Western Trillium, TRILLIUM OVATUM

from the the April 19, 2009 Newsletter, issued from the Siskiyou Mountains west of Grants Pass, Oregon:
A DRIFT OF TRILLIUMS

I'd never heard anyone refer to a "drift" of anything until on the Internet I was checking out the gorgeous, white-blossomed wildflower shown above.

That's the Western Trillium, TRILLIUM OVATUM, which at least one wildflower fancier calls the "most beautiful of all native flowers." I've run into several authors referring to "drifts" of them. That's an evocative term and when you see large numbers of them nodding gracefully in an afternoon wind among frilly ferns in a moist, forest grove, "drift" seems a good word to apply to them -- though I'd be just as happy referring to a "diffusion" of them, or maybe a "chiming," a "fragrance" or even a "murmuring."

A few weeks ago in Mississippi I introduced you to our common trillium species there, which was very different. Its blossom was dark maroon, the flower wasn't "stalked" with a stem between it and the three leaves below it (as with our Western Trillium), and it was endemic to a tiny part of the country. Our white- flowered Western Trillium here occurs widely from British Columbia to California east to Montana and Idaho. I read that its petals turn purple as the flower ages. At this early stage of blooming I find only white flowers and few pink ones.

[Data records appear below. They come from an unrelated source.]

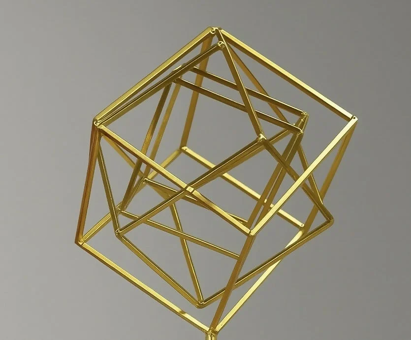 geometric decor, metal showpiece, cube sculpture, tabletop decor, modern home decor, abstract sculpture, desk decor item, office decoration, minimalist decor, decorative statue, shelf decor, artistic showpiece, home styling item
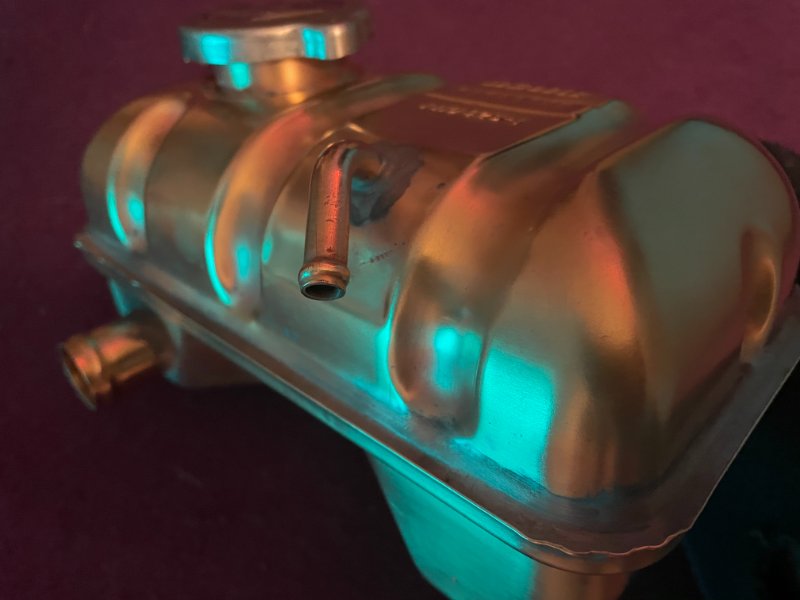 Ich war mit meinen Behältern beim Profi (Kühlerbau Spannagel in Mannheim) Der Meister erklärte mir, dass das alte Lötzinn komplett entfernt werden muss, an allen gelöteten Bauteilen. Also hab ich meine Behälter zuerst chemisch entlacken lassen. Die Behälter wurden dann komplett zerlegt, er besteht aus 8 Einzelteilen. Dann wurden die Behälter ausgebeult und wieder chemisch vorbereitet. Wichtig ist hier das richtige Flussmittel zu verwenden, da nur so die Oxydschichten aufgerissen werden. Entgegen der früheren Verlötungen, wird heute nicht mehr am Lötzinn gespart. Zu diesem Punkt dann auch das Bild. Am Ende wird der Behälter noch lackiert und er hält wieder ein paar Jahrzente. Die Kosten für alle Arbeiten waren allerdings 4 mal so hoch wie ein neuer Plastikbehälter kostet.
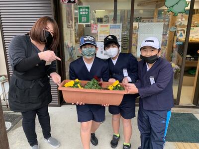 天草消防署御所浦分署やしおさい館に育てたパンジーのプランターを届けに行きました。
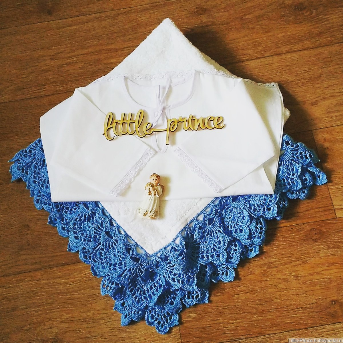 Набор для крещения мальчишки 2-3 лет. В набор входит большое белое полотенце с богатым кружевом по всему периметру и ситцевая рубашечка простого кроя.
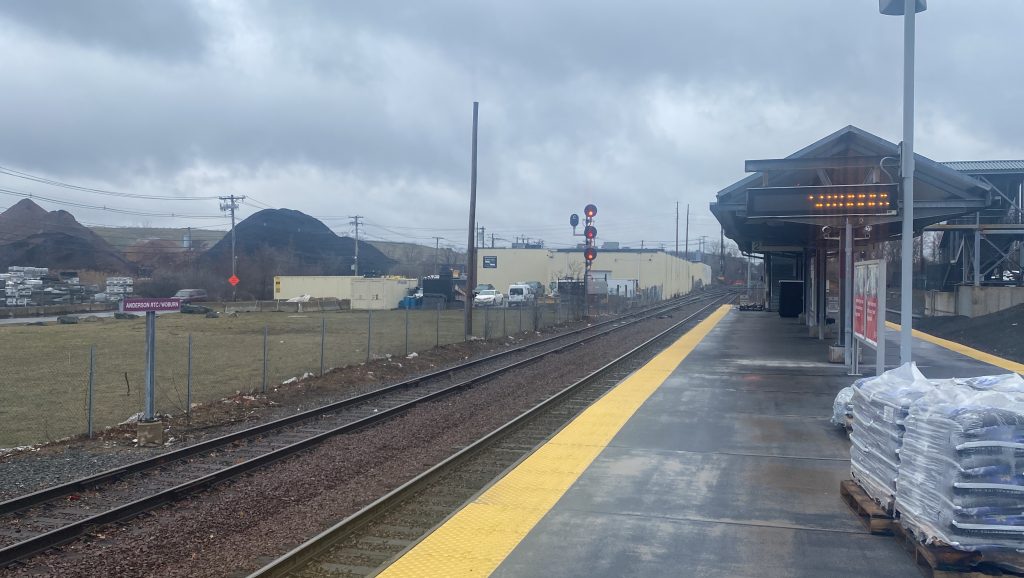 Heading out onto the footbridge, it reminded me of Canton Junction with all the metal, but slightly less bad. There’s a long ramp for accessibility, a high-level island platform, more yellow dot matrix signs (no departure board anywhere?! I feel like this station would REALLY benefit from one!), and the usual benches and wastebaskets. Also, WHY IS THERE NO PEDESTRIAN ACCESS TO THE INDUSTRIAL AREA NEXT TO THE STATION?! THIS WOULD LITERALLY BE A PERFECT REVERSE COMMUTE OPPORTUNITY!!! WHAT THE FUCK?! Also, they left the pavement salt outside.
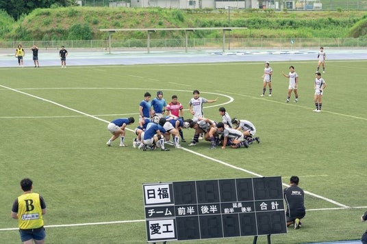 日本福祉大学ラグビー部 対 愛知工業大学ラグビー部のデモンストレーションマッチの様子
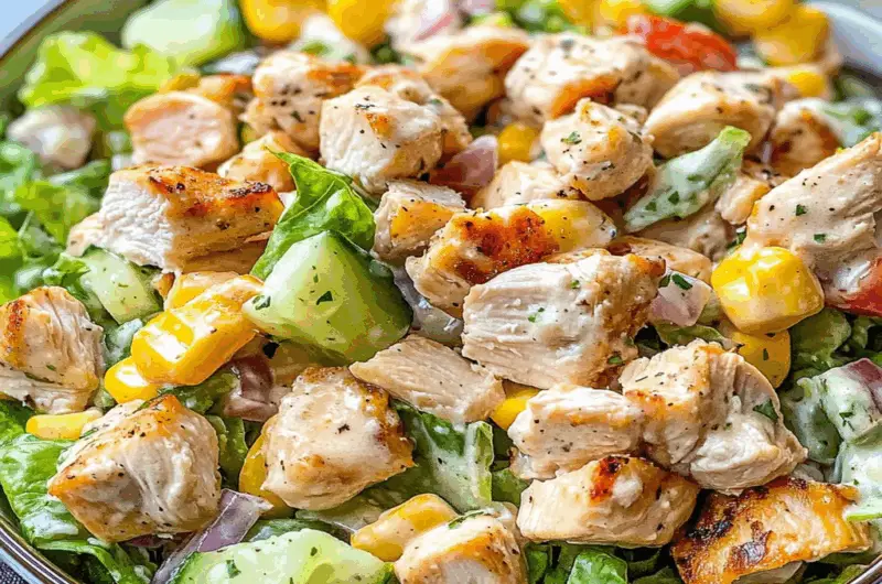 A Healthy Ranch Chicken Salad typically includes cooked and shredded chicken breast, fresh mixed greens, cherry tomatoes, cucumbers, and red onions. To enhance flavor, you can add avocado and corn. The salad dressing is crucial; a light ranch dressing made with Greek yogurt instead of mayonnaise keeps it healthy while adding creaminess. You can also include herbs like cilantro or parsley for an extra kick.
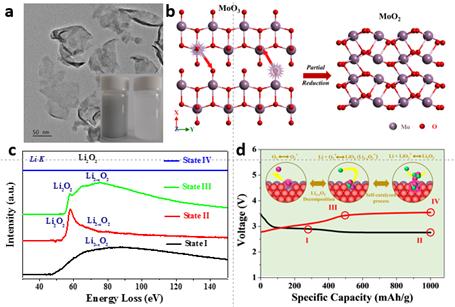 同時,經(jīng)過兩年的努力,該團隊還在相關(guān)催化機理上獲得了突破。他們在成功制備超薄三氧化鉬納米片的基礎(chǔ)上引入氧空位缺陷,在電池的測試過程中,這種富氧空位正極材料呈現(xiàn)獨特的四個獨立階段的特征。針對這四個典型的過程進行深入分析發(fā)現(xiàn),在放電過程中,這些氧空位的活性位點可以形成局部的高濃度活性氧聚集點,與鋰離子發(fā)生反應(yīng)形成穩(wěn)定的超氧化鋰類似物(Li2-xO2),當(dāng)氧空位逐漸飽和后,在Li2-xO2表面逐漸形成穩(wěn)定的Li2O2放電產(chǎn)物。充電起始階段,Li2-xO2與氧缺陷位點可以作為Li2O2分解的高效催化劑,實現(xiàn)<3.5V的低充電電壓,而超氧化鋰能夠在~3.5V的電壓平臺快速分解,有效地降低了電池的充電過電勢。該項成果不僅解釋了氧空位缺陷在Li-O2電池充放電過程中的催化機理,同時放電產(chǎn)物自催化分解現(xiàn)象的發(fā)現(xiàn)可以為未來高效正極的設(shè)計提供新的思路和解決方案。
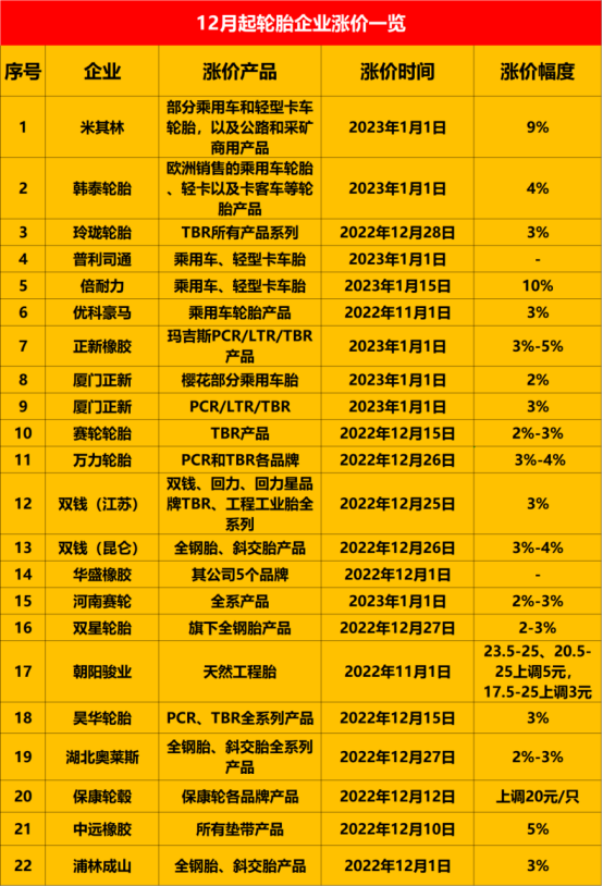 3、超30家轮胎企业发布涨价函 需求回暖行业利润或持续修复

All my older manuals and field guides place trilliums in the Lily Family, but nowadays they're separated into their own Trillium Family, the Trilliaceae. I can understand why, if only because it's such a novelty for a plant to consist of a whorl of three leaves at the summit of a stem, where a single flower arises. I can't think of anything else like it.

The Trilliaceae comprises six genera of which only the genus Trillium occurs in North America -- except for the monotypic (only one species in the genus), endemic genus Pseudotrillium, which occurs, of all places, "in the Siskiyou Mountains of California and Oregon." I'll sure be looking for that one!